▸ **The problem**
From the first line of the listing, copy each line exactly until you have included the line with "Secara Simbolis, serah"; leave out the pictures.

▸ **Supplied material**

>>>

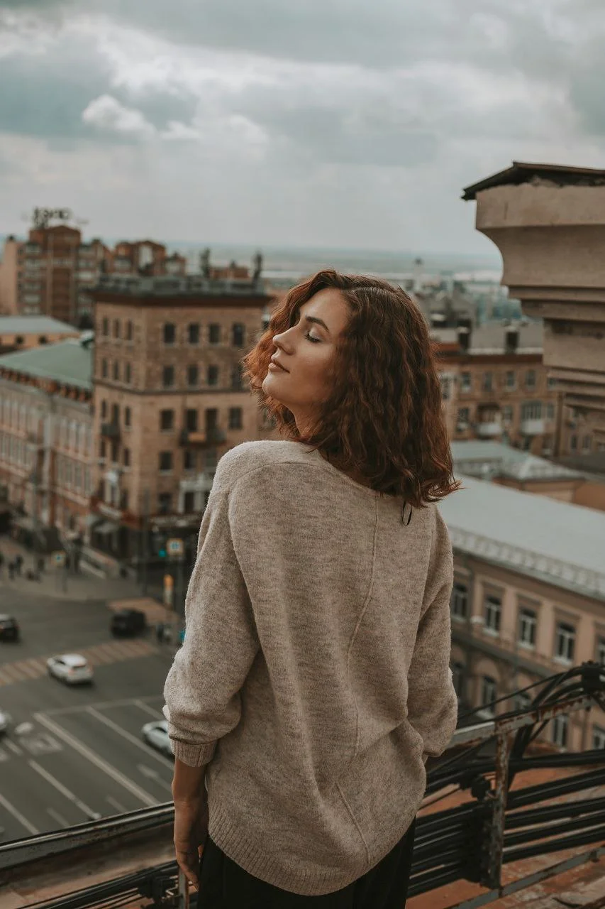 I look into the lens and the soft light glides across my face, like the warm touch of the setting sun. In this frame, I seemed to stop for a moment - a slight half-smile, a calm look, hair falling freely onto my shoulders. The camera caught not just my profile, but my mood: confidence, tenderness and subtle dreaminess.
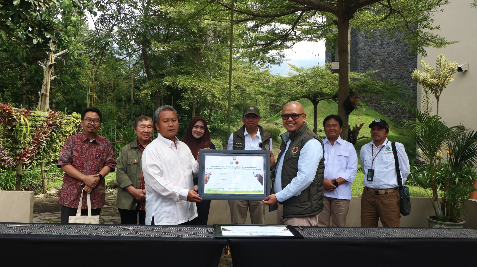 Secara Simbolis, serah terima 3 Sapi Bali hasil riset revitalisasi genetik dengan Banteng Jawa dan 3 sapi bali murni diberikan kepada Masyarakat peternak binaan PT Smelting.
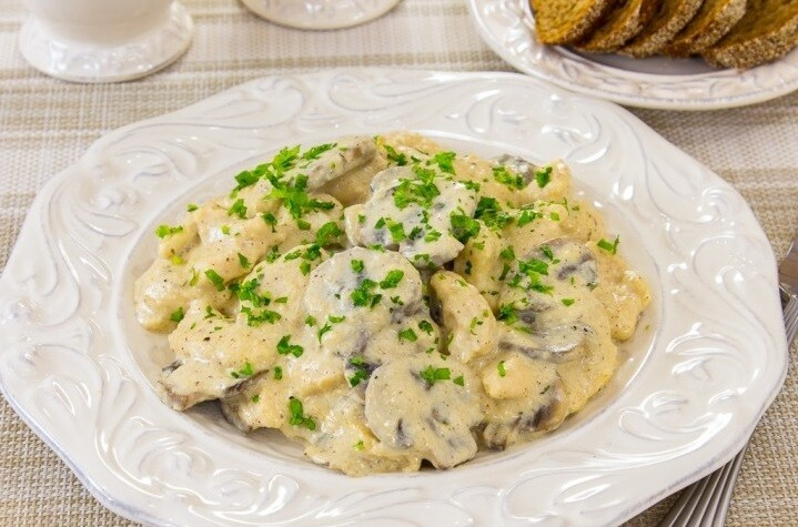 500 гр. филе курицы, 0.5 литра куриного бульона, 150 гр. свежих шампиньонов, Сок половинки лимона, Пучок зеленого лука, 30 гр. пшеничной муки, 20 г сливочного масла, 1 ст. ложка сметаны, Специи и соль. Начинаем. Берём филе куриное. Моем его, просушиваем. Теперь нарезаем кубиками примерно 2х2 см. Слегка обваливают кусочки в муке. На глубокой сковороде прогревают растительное масло, добавляют в него небольшой кусочек сливочного масла и недолго обжаривают мясо, но не до румяности. Сверху вливают предварительно сваренный бульон (можно сделать его из бульонного кубика), доводят до кипения и тушат на медленном огне, пока не выпарится часть жидкости. Берём наши грибочки, промываем их. Нарезаем так, как нам захочется. Теперь можно их добавить к нашей курице. Тушим на средем огне примерно минут 15-20. Сверху вливают предварительно сваренный бульон (можно сделать его из бульонного кубика), доводят до кипения и тушат на медленном огне, пока не выпарится часть жидкости. Теперь можно и подавать к

<<<

▸ **Response area**
 I look into the lens and the soft light glides across my face, like the warm touch of the setting sun. In this frame, I seemed to stop for a moment - a slight half-smile, a calm look, hair falling freely onto my shoulders. The camera caught not just my profile, but my mood: confidence, tenderness and subtle dreaminess.
 Secara Simbolis, serah terima 3 Sapi Bali hasil riset revitalisasi genetik dengan Banteng Jawa dan 3 sapi bali murni diberikan kepada Masyarakat peternak binaan PT Smelting.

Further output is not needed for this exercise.